## Aim of the exercise
Look at the data below and print exactly the lines from its first line through the line with "Today Malina did"; the pictures stay out of the copy.

***** Information provided *****

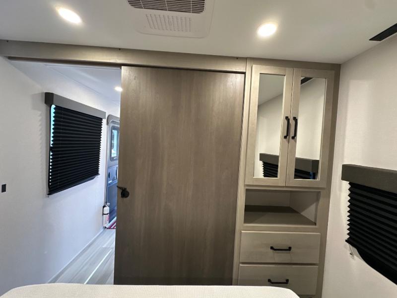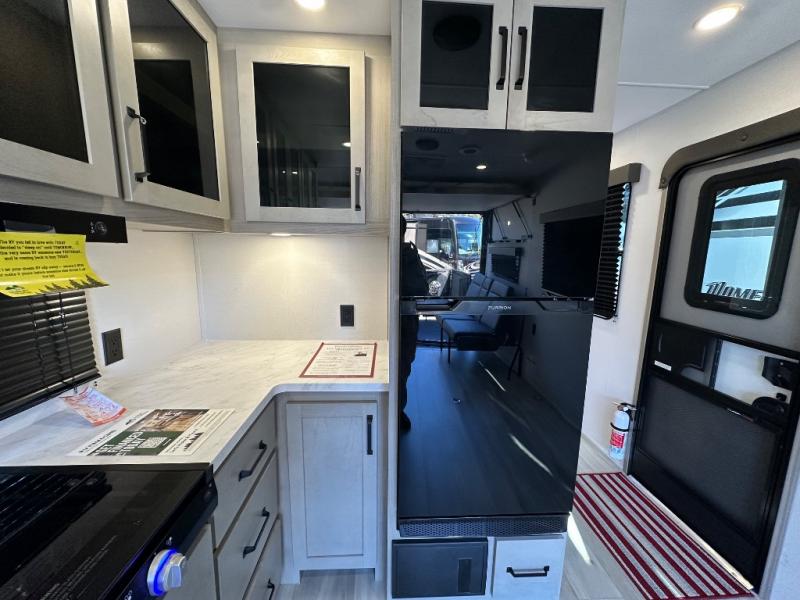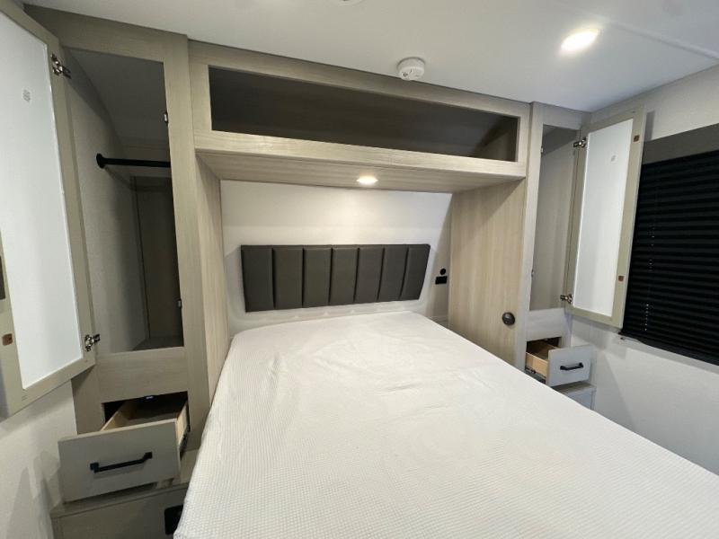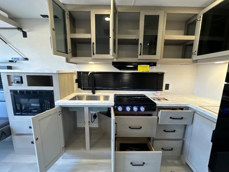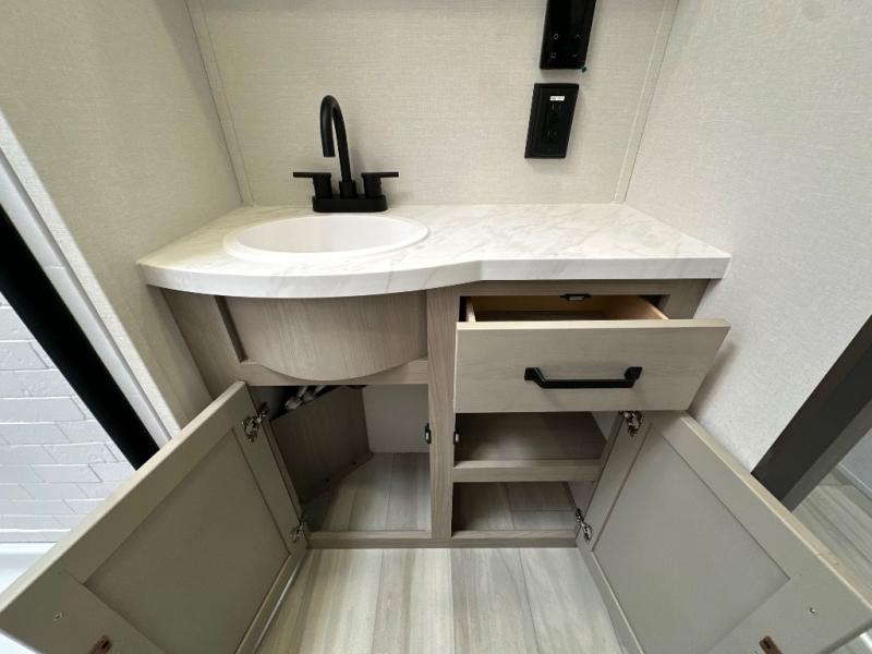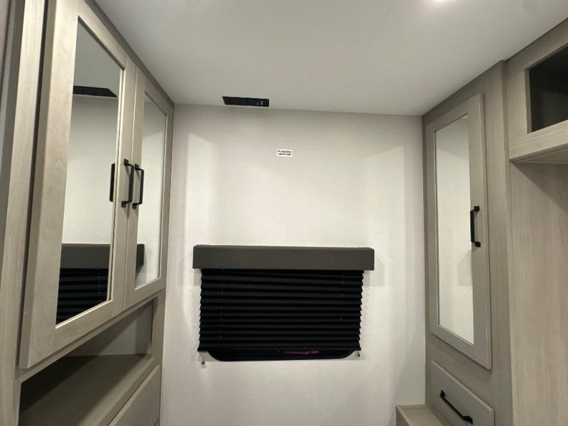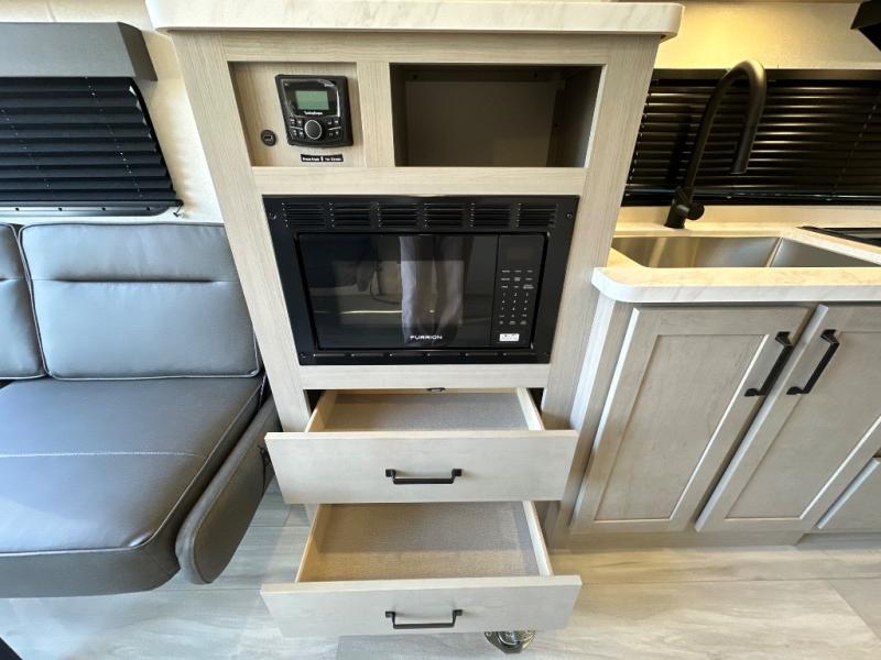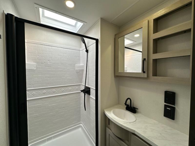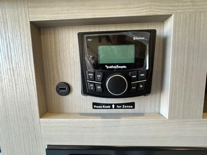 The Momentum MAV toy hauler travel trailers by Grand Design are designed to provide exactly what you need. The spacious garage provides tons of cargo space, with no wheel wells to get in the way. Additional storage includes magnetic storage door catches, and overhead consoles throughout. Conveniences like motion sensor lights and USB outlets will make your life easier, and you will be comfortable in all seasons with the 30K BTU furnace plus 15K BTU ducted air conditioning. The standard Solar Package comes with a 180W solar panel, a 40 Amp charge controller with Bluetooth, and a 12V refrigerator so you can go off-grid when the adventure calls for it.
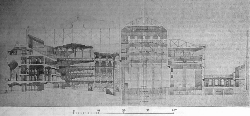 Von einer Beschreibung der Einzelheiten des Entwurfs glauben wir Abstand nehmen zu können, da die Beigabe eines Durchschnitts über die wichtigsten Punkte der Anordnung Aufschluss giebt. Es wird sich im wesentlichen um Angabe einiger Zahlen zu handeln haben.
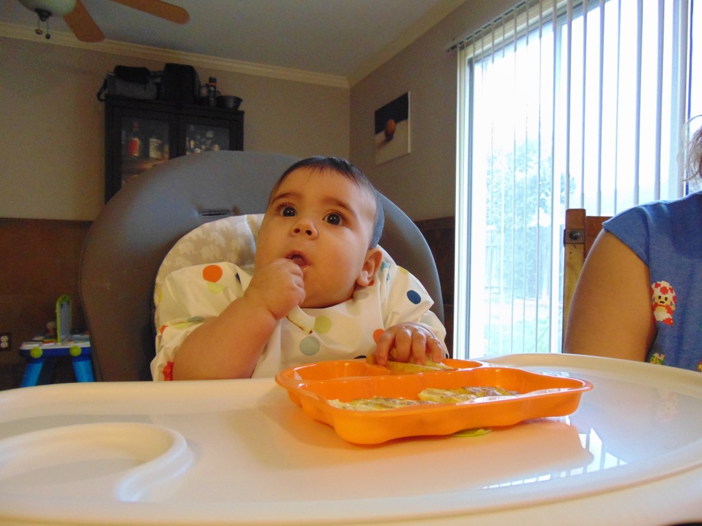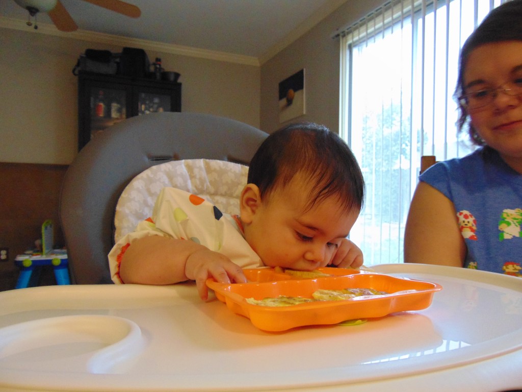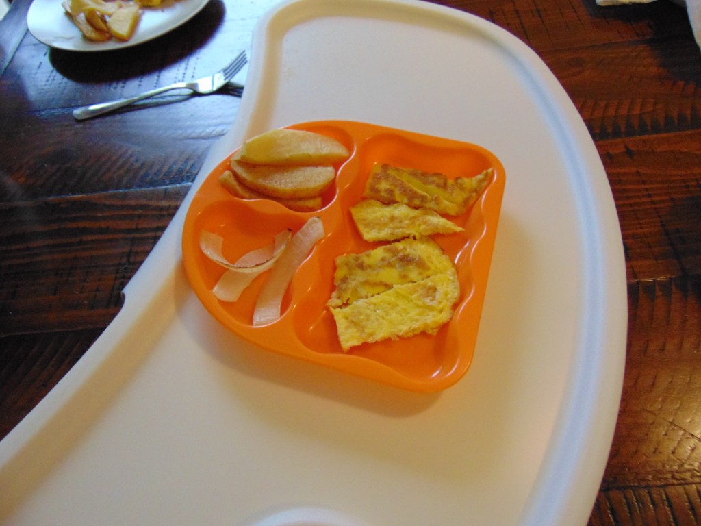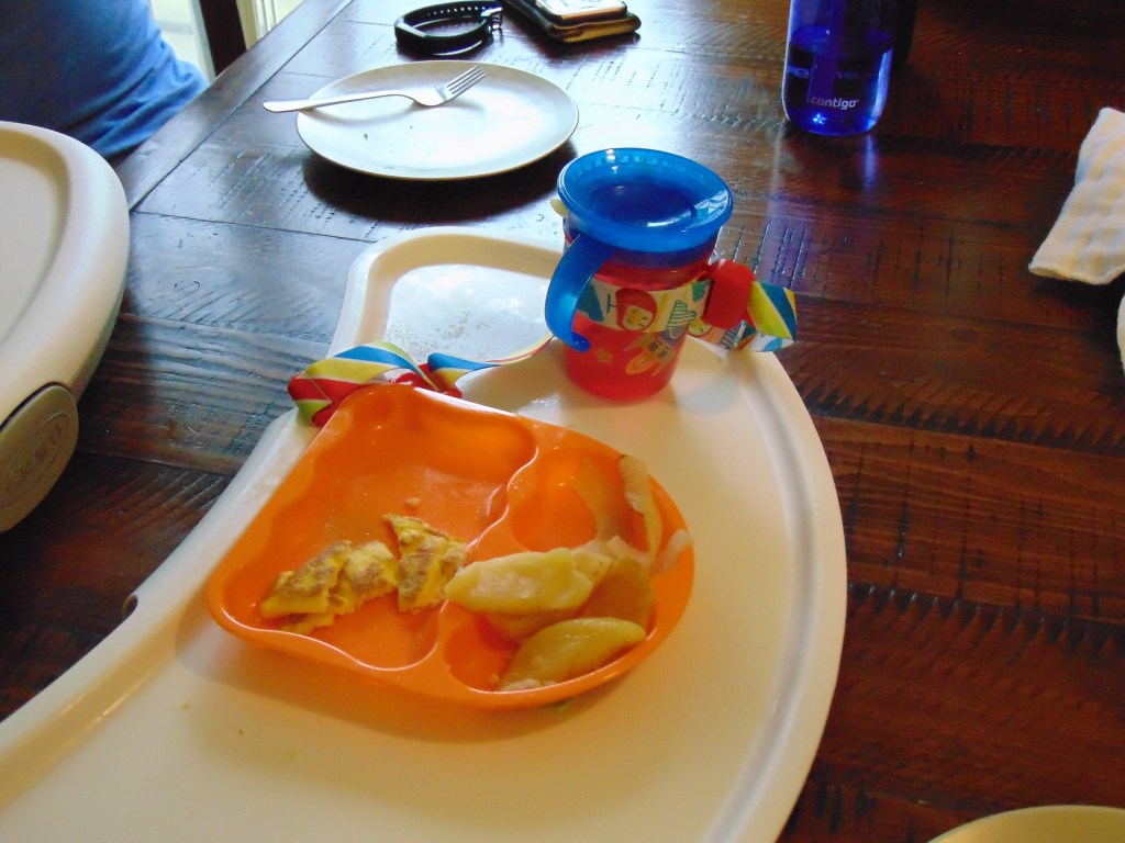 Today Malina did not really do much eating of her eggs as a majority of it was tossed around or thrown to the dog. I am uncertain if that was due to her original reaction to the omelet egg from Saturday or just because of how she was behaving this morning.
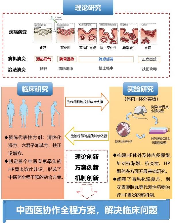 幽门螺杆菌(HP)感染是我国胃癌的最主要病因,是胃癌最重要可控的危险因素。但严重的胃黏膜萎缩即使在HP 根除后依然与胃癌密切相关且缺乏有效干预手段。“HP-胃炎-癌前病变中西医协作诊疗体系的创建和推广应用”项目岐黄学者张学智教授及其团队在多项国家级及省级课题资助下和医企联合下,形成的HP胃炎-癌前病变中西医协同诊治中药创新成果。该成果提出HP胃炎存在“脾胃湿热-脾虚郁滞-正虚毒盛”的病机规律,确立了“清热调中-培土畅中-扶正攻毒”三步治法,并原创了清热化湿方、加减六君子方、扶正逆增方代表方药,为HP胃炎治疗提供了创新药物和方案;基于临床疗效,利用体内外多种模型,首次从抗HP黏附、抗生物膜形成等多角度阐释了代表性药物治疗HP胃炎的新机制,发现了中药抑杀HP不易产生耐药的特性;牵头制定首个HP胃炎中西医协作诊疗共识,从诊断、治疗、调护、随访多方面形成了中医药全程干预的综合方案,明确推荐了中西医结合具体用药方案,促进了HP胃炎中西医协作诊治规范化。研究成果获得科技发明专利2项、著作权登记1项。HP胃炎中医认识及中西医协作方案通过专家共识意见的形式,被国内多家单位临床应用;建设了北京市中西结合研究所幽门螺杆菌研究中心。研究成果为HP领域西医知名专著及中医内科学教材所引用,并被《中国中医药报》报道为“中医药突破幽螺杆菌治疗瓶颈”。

*****

## Answer for this exercise
 The Momentum MAV toy hauler travel trailers by Grand Design are designed to provide exactly what you need. The spacious garage provides tons of cargo space, with no wheel wells to get in the way. Additional storage includes magnetic storage door catches, and overhead consoles throughout. Conveniences like motion sensor lights and USB outlets will make your life easier, and you will be comfortable in all seasons with the 30K BTU furnace plus 15K BTU ducted air conditioning. The standard Solar Package comes with a 180W solar panel, a 40 Amp charge controller with Bluetooth, and a 12V refrigerator so you can go off-grid when the adventure calls for it.
 Von einer Beschreibung der Einzelheiten des Entwurfs glauben wir Abstand nehmen zu können, da die Beigabe eines Durchschnitts über die wichtigsten Punkte der Anordnung Aufschluss giebt. Es wird sich im wesentlichen um Angabe einiger Zahlen zu handeln haben.
 Today Malina did not really do much eating of her eggs as a majority of it was tossed around or thrown to the dog. I am uncertain if that was due to her original reaction to the omelet egg from Saturday or just because of how she was behaving this morning.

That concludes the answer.